Resumen: Un bufete de abogados especializado en revisiones de casos se interesa por el de un condenado a muerte que sostiene su inocencia. Consiguen que se practiquen nuevas pruebas que demuestran que tenía razón y que abren la pista de una trama de corrupción.
Protagonistas: Damon Gupton, Jan Maxwell, Marin Ireland, Joe Anderson, Nia Long, Mike Tyrell, Paul Schneider, Jahmil French, Clarke Peters, John Bedford Lloyd, Kenneth Welsh, Adam Rothenberg, Scott Edgecombe, Britne Oldford, Reg E. Cathey, Kate Ziegler, Monika Schurmann, Rong Fu, Craig Thomas, Barbara Mamabolo, Nicole Stamp.

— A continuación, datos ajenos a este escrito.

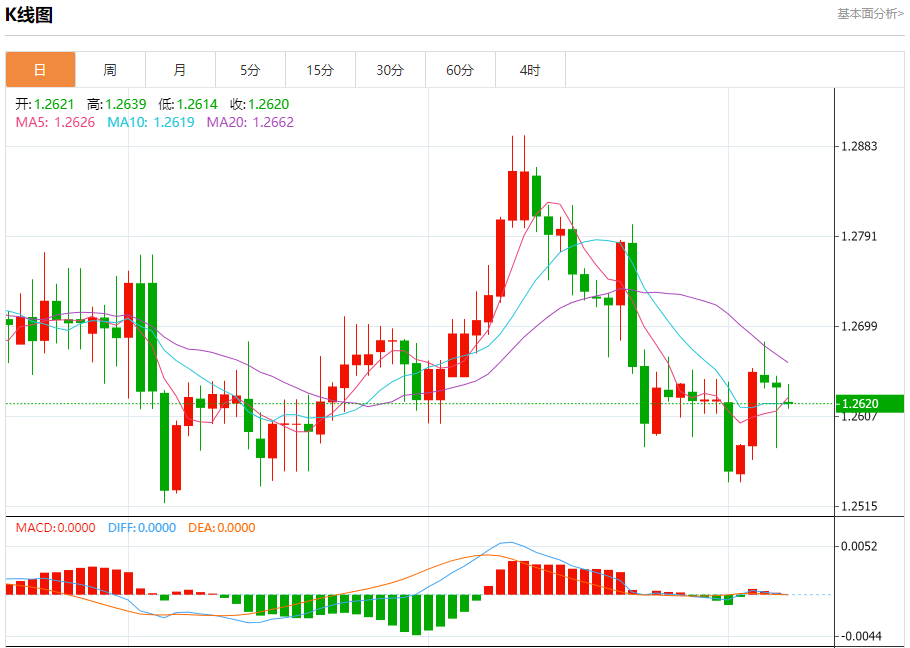 周一欧市盘中,英镑兑美元交投于1.2621,跌幅为0.13%。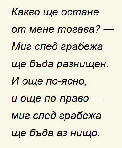 Проблемът на Русия е, че искат да са велики, да командват и да им се кланят. Но за съжаление почти няма за какво - нямат жизнен стандарт, икономика, финанси, наука, култура, демокрация... Говоря за днешно време. И им остава само армията и войната. И те отчаяно са се вкопчили в тях, защото ако ги пуснат ще стане като в стихотворението на Вапцаров: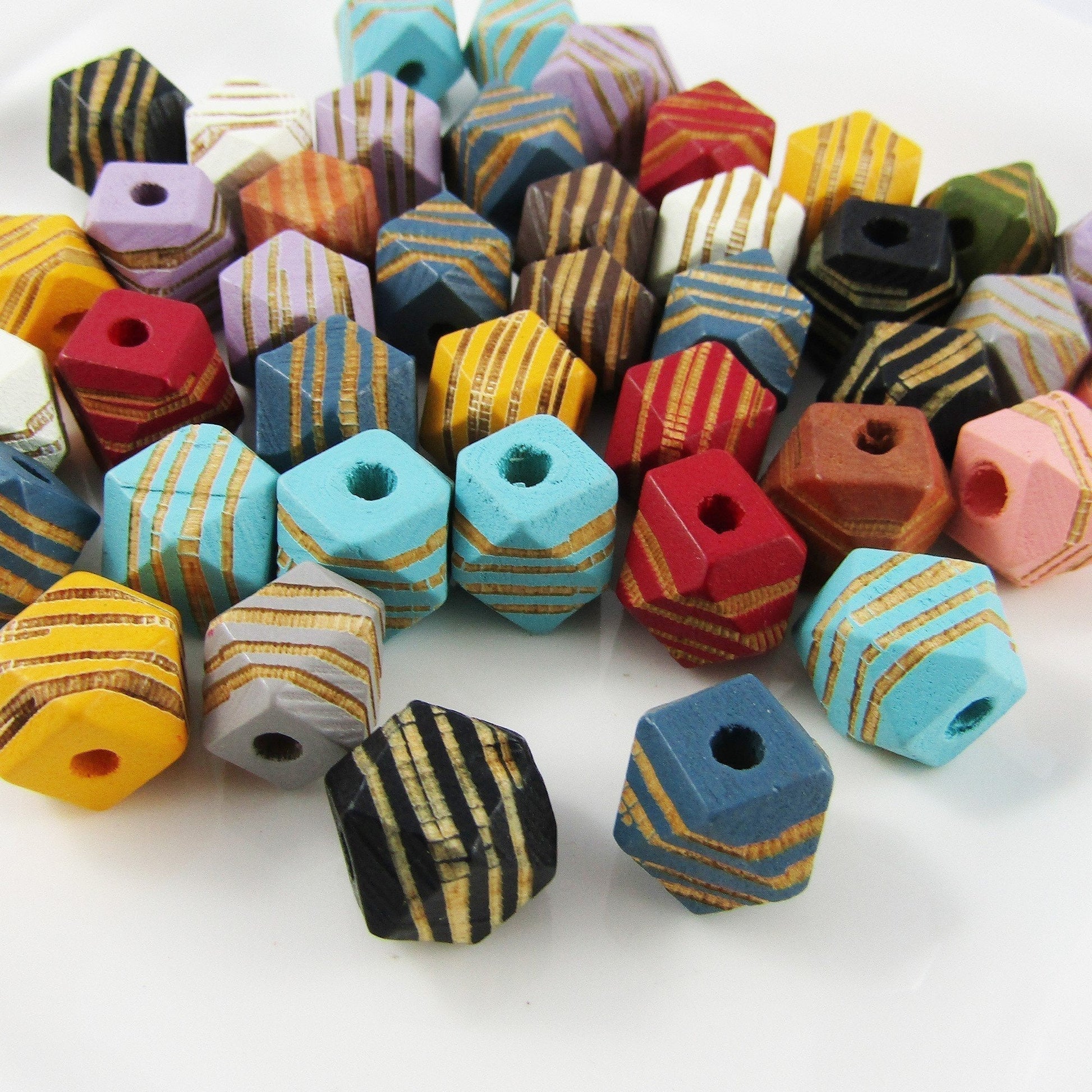 20pcs Faceted Zebra Stripe Bead Wood Painted Laser Engraved 12x12mm Hole 2.5mm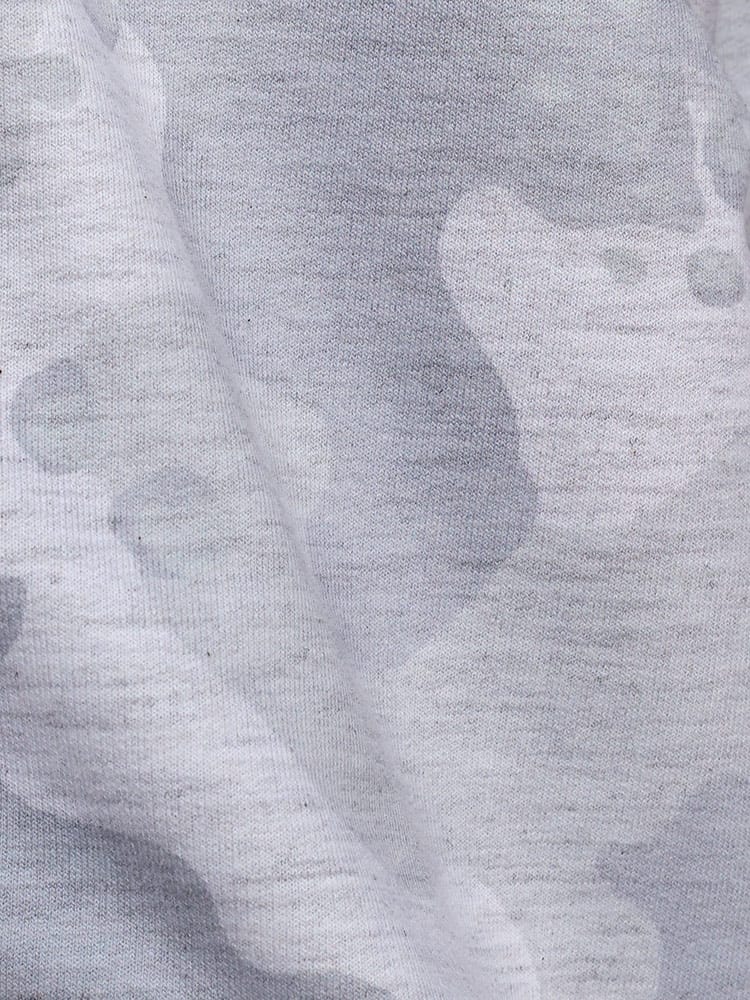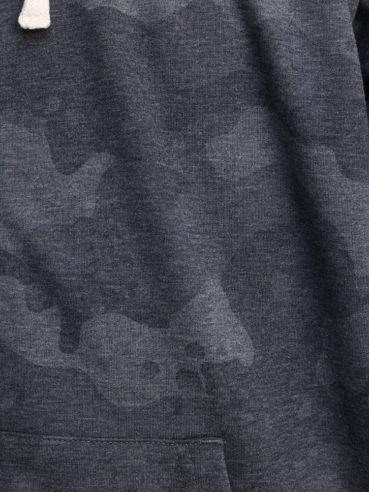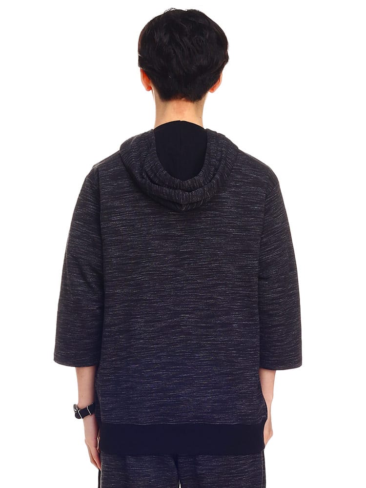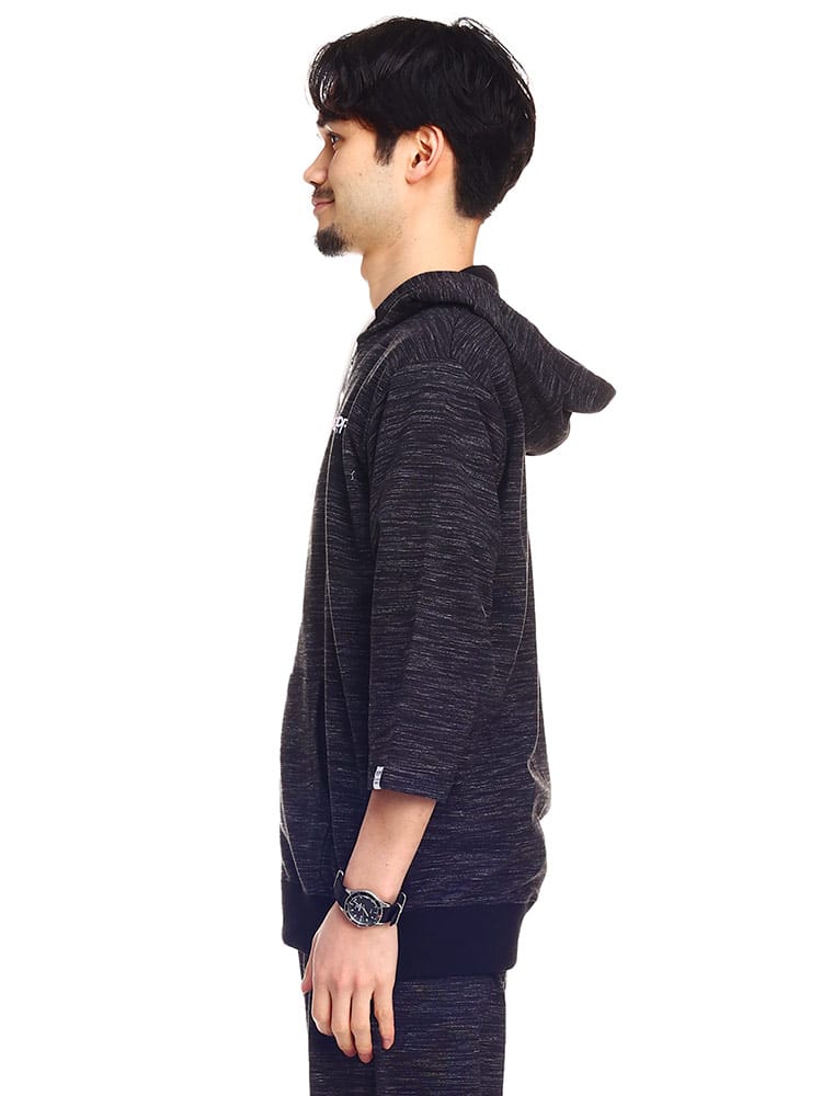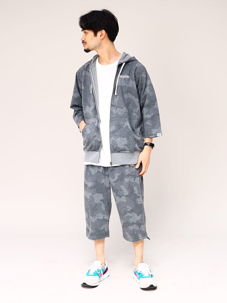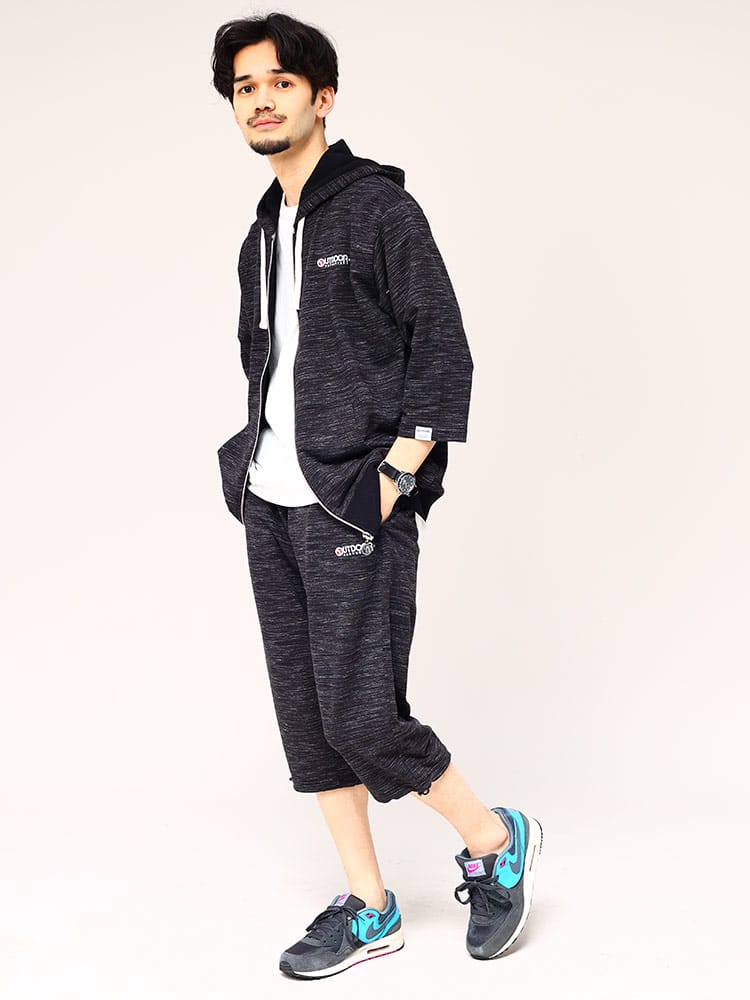 総柄デザインのOUTDOOR PRODUCTSのフード フルジップ 7分袖 パーカー。左胸にロゴ刺繍、左袖にロゴワッペンをあしらっています。フードのドローストリングにはワードプリントをデザイン。裾はリブデザイン。裏地は裏毛でサラッとした肌触りです。
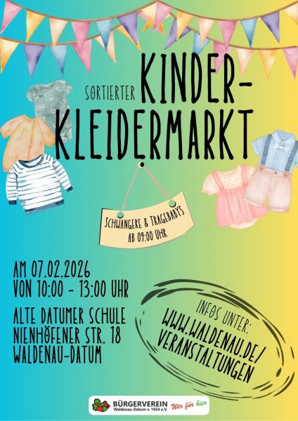 Der Bürgerverein Waldenau-Datum veranstaltet seinen 3. Kinderkleidermarkt.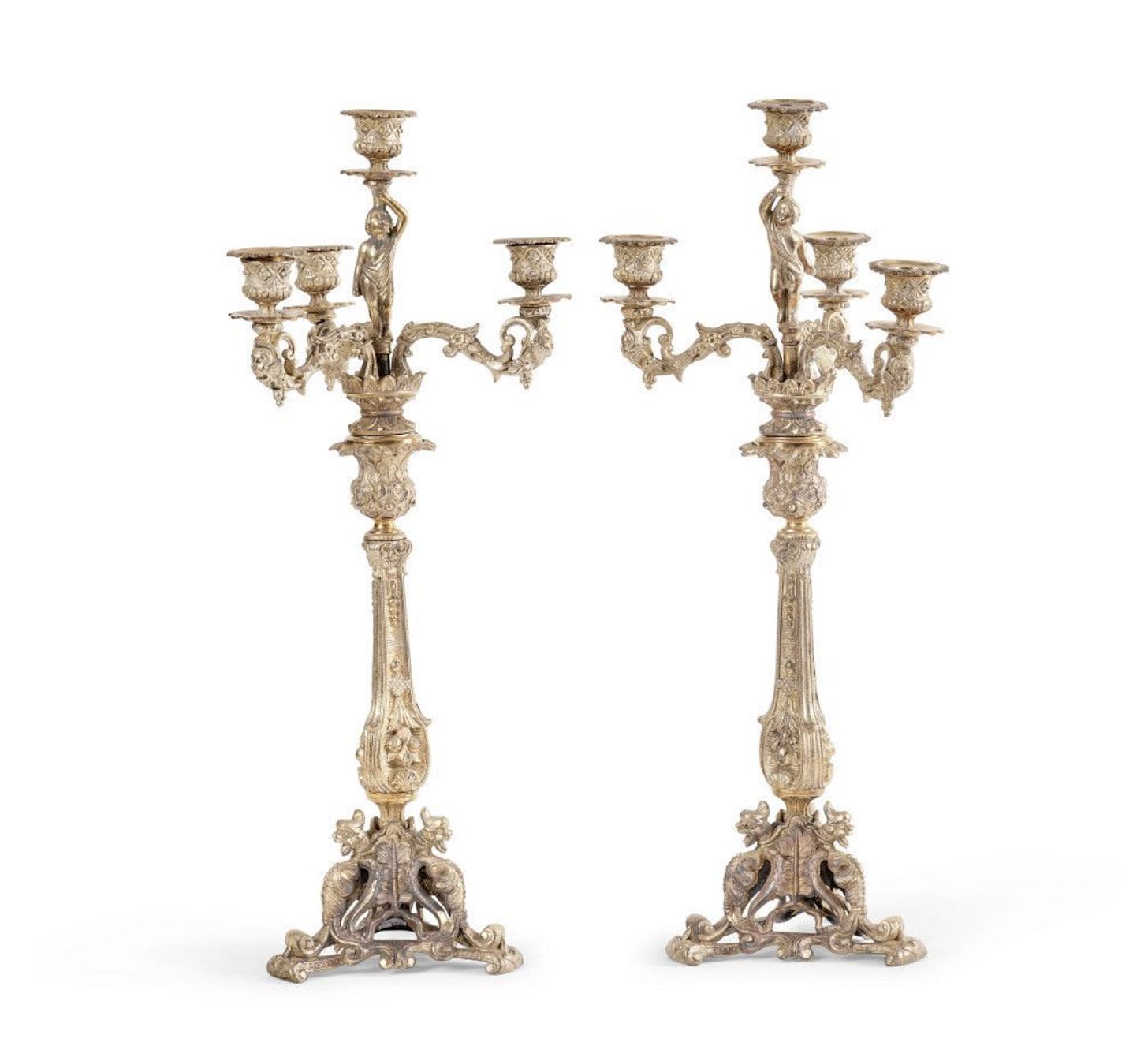 Golden Metal Candlesticks, est. 180€ - 225€ on Wednesday, April 16, available at Aste Bolaffi.

Lo mejor: La trama que resulta ciertamente interesante.
Lo peor
: Que se trataba de una serie de bajo presupuesto y, por tanto, de impacto limitado.
Lo más curioso: La serie fue desarrollada para la cadena AMC que, además, la produjo, sin embargo terminó emitiéndose en Netflix.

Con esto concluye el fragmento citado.